When Paul was suffering with his thorn in the flesh he also was very clear about what he wanted, for he said in II Corinthians 12:8, "Three times I pleaded with the Lord to take it away from me."

            One of the habits I have developed when I pray for missionaries is to pray for different specific things each day. That way my prayers have more particularity. One day I pray for open doors for the gospel, another day I might pray that they will have a close walk with the Father, another day I pray for good relationships with their co-workers and another day for good relationships in their family. That way my prayers are not rote but are particular. I also really like getting missionary letters because then I pray through them paragraph by paragraph, one paragraph each day so that again I can pray for the missionaries with particularity. May all our prayers be that way.

VIII.      With Thankfulness

Finally, I would like to mention another important aspect of prayer and that is thankfulness. So many verses in the Bible encourage us to give thanks to God. Philippians 4:6 says, "Do not be anxious about anything, but in everything, by prayer and petition, with thanksgiving, present your requests to God." Colossians 4:2 encourages, "Devote yourselves to prayer, being watchful and thankful."

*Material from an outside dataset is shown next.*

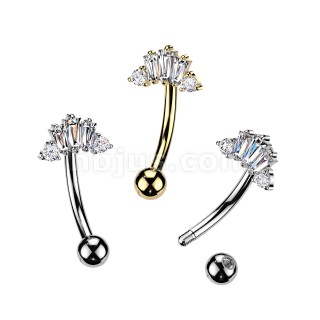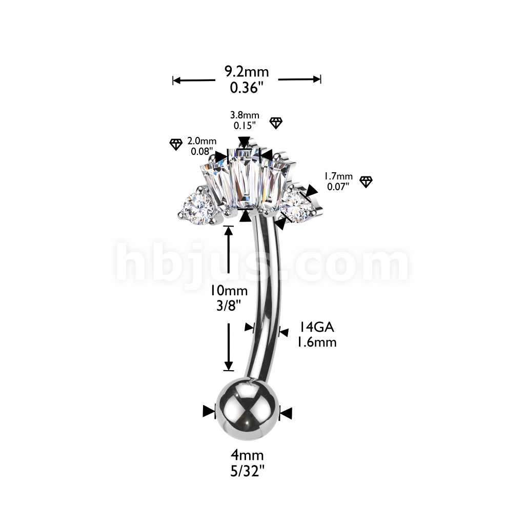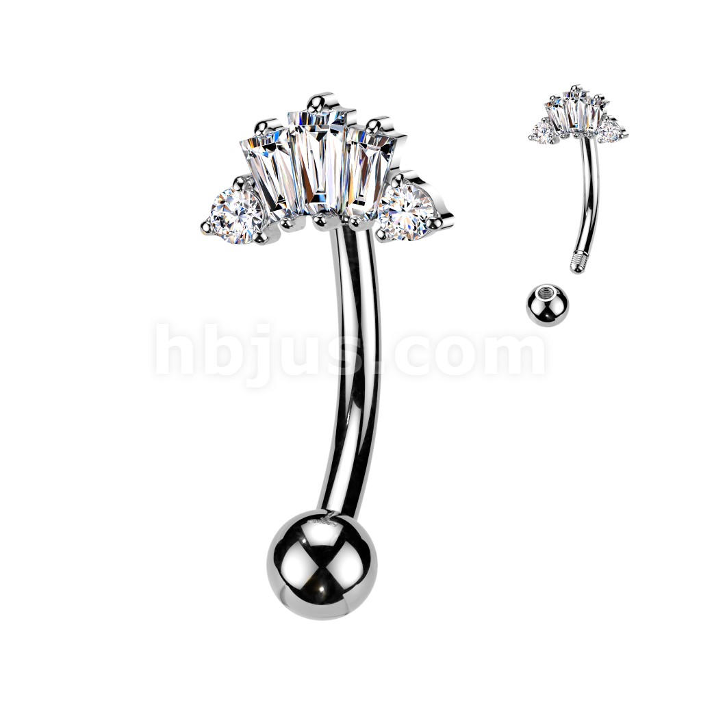 316L Externally Threaded Reverse Belly Ring With Baguette & Round CZ Crown Top
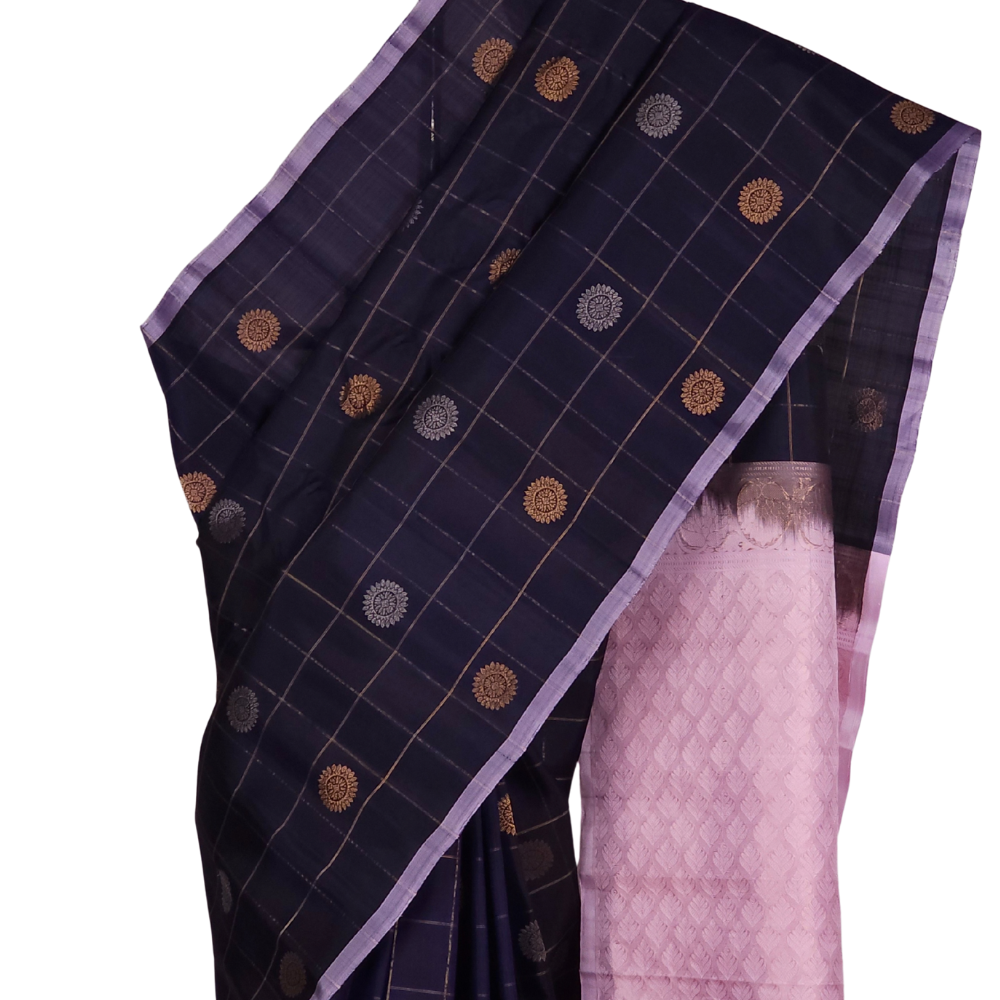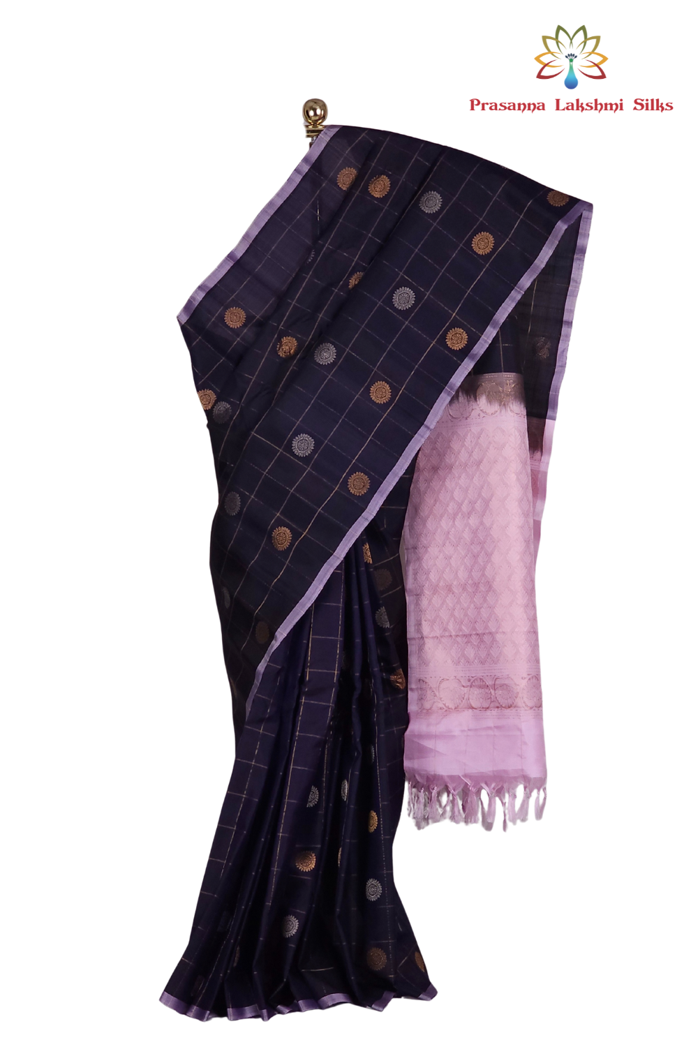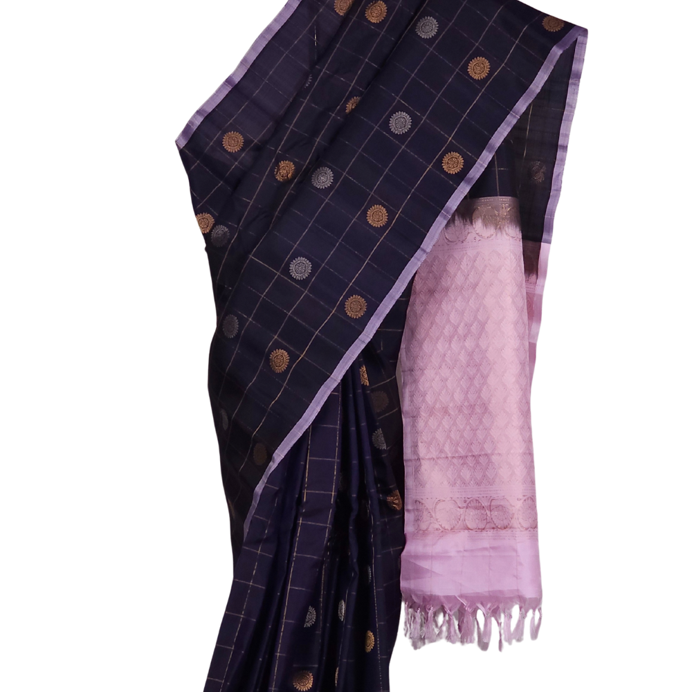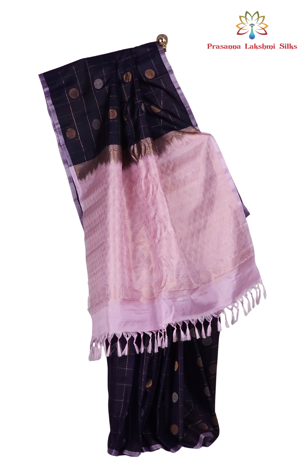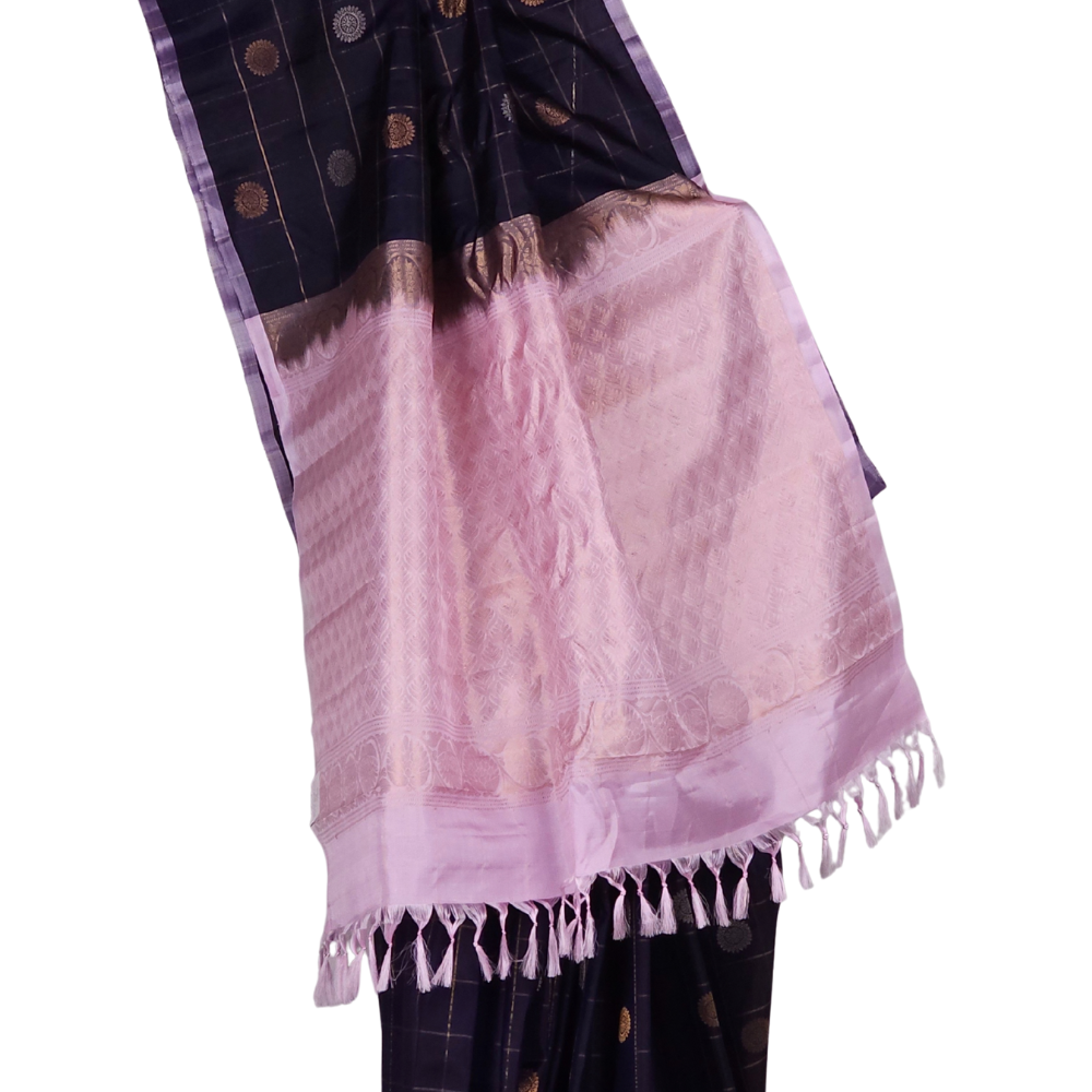 Elevate your elegance with our exquisite Handloom Gadwal Pure Silk Saree, adorned with classic checks pattern and Rich zari-woven brocade that adorns the pallu, making every drape a statement.

The importance of thankfulness is that it helps us recognize that the source of all things is God. He hears our prayers and He answers our prayers. Especially as we see prayers answered, we must always include thankfulness in our prayers. But thankfulness is important even when we have made requests and have not yet seen them answered, for it encourages our faith, hope and confidence.

Conclusion

            I know that you are people who pray. All of us who pray need encouragement from time to time. Our prayer life can become tired or we forget or we become discouraged. I was encouraged as I read this article to be reminded of how important prayer is and how much Scripture encourages us to pray. I want to encourage you in your prayer life. May we not only pray, but pray well, as God has taught us.